Yasmeen Rahimi: Thank you so much. I’ll jump back in the queue.

Joseph Payne: Thanks, Yas.

Operator: The next question comes from Myles Minter with William Blair. Please proceed.

Myles Minter: Hey, thanks for the questions. Just relevant to what Meiji has been saying previously which was potential approval to monovalent vaccine in October and you’ve been more conservative say in fourth quarter. I think that’s panned out nicely. But is there anything else going on there from like a regulatory conversations point of view?
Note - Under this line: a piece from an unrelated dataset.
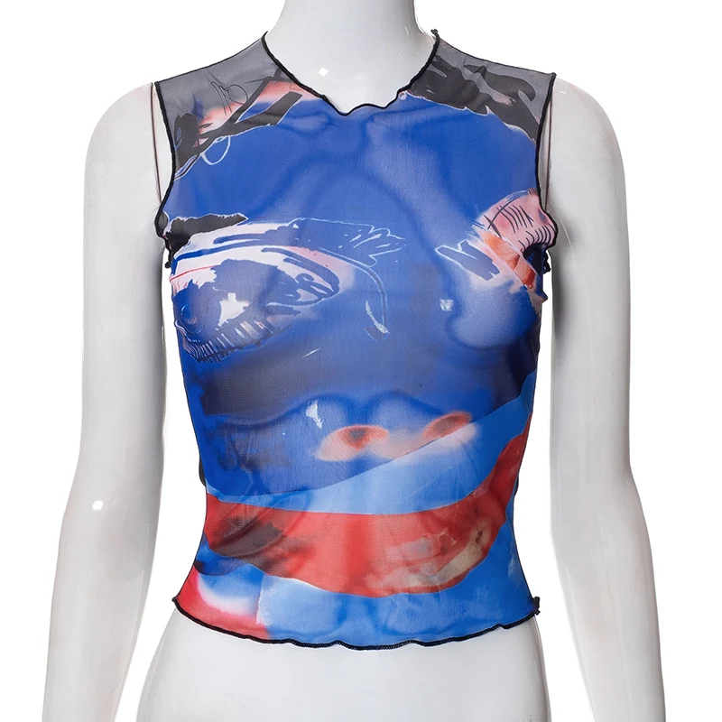 Sandtree X22TP463 2022 Printed Ladies Shirts Latest Design Cute Crop Tops For Girls
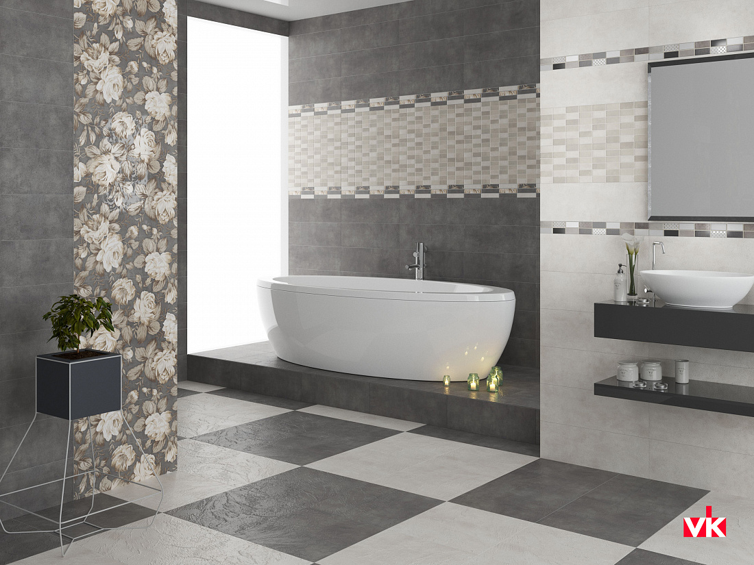 Современный мир дизайна без ума от серого цвета. Он ассоциируется с интеллектом и спокойствием, идеально сочетается с любыми другими цветами и создает умиротворяющую обстановку. Именно поэтому основу коллекции Фиори Гриджо (с итальянского «серые цветы») составляет благородный серый, играющий разнообразием текстур и оттенков. В качестве фона выбрана имитация поверхности бетона, представленная в двух оттенках. Декор с изображением нежных роз создает неожиданный контраст с индустриальной суровостью базовой плитки. Дополнения в виде мозаики и бордюра с эффектом металлизированного покрытия придают визуальный акцент выдержанному в серых тонах интерьеру. Мозаика является значимой частью этой коллекции: тут и два вида настенной плиты с имитацией мозаики, и натуральная мозаика оригинальной формы, и даже напольная мозаика из керамогранита, которую можно использовать как на стене, так и на полу.

I know you’ve shown us, the six-month durability data now to the PMDA requests that because you have it. I’m just wondering why there is an optical delay from October to December. And maybe that’s just the fault of Meiji and not if your own, but any clarity there would be great. And I’ve got a follow-up.

Joseph Payne: No, just the day 29 data was a prerequisite for the primary endpoint, the six-month data was not. However, this data is aware to the regulatory agency and taken into consideration as they look at regulatory approval going forward. And we’ve guided again that this that approval is in December.

Myles Minter: Okay. And then maybe just, sorry, was there any comment there?

Joseph Payne: No.

Myles Minter: Sorry, maybe just one on the cystic fibrosis program. Do you have to dose those CF patients in a stepwise fashion? So a single patient would receive two administrations be monitored for safety before clearance to dose the next patient or can you get these patients in eight of them at a time and dose them altogether? Thank you.

Padmanabh Chivukula: Yeah. We anticipate, this is Pad in, we anticipate dosing on all the cohort altogether. That’s correct.

Myles Minter: Okay. Thanks, Pad. Thanks for the question.

Operator: The next question comes from Seamus Fernandez with Guggenheim. Please proceed.

Seamus Fernandez: Thanks for the question. So, just a couple of quick ones here. In terms of the progression of potential milestones going forward, just hoping that if you guys could help us understand the sort of key steps forward from a milestone perspective, whether it be from the COVID program, the flu program, or potentially other programs. And perhaps just in percentage terms, maybe not without absolute numbers where some of the key, you know, sort of catalyst milestones would really lay out or as a percentage of the terms of CSL what’s possible in 2024? Obviously, we know what the runway is now through 2026 with the existing cash, but it seems like that could be drawn out quite significantly in 2024 as more of these programs advance, and as we see more of the COVID 154 applications move through into other jurisdictions more broadly.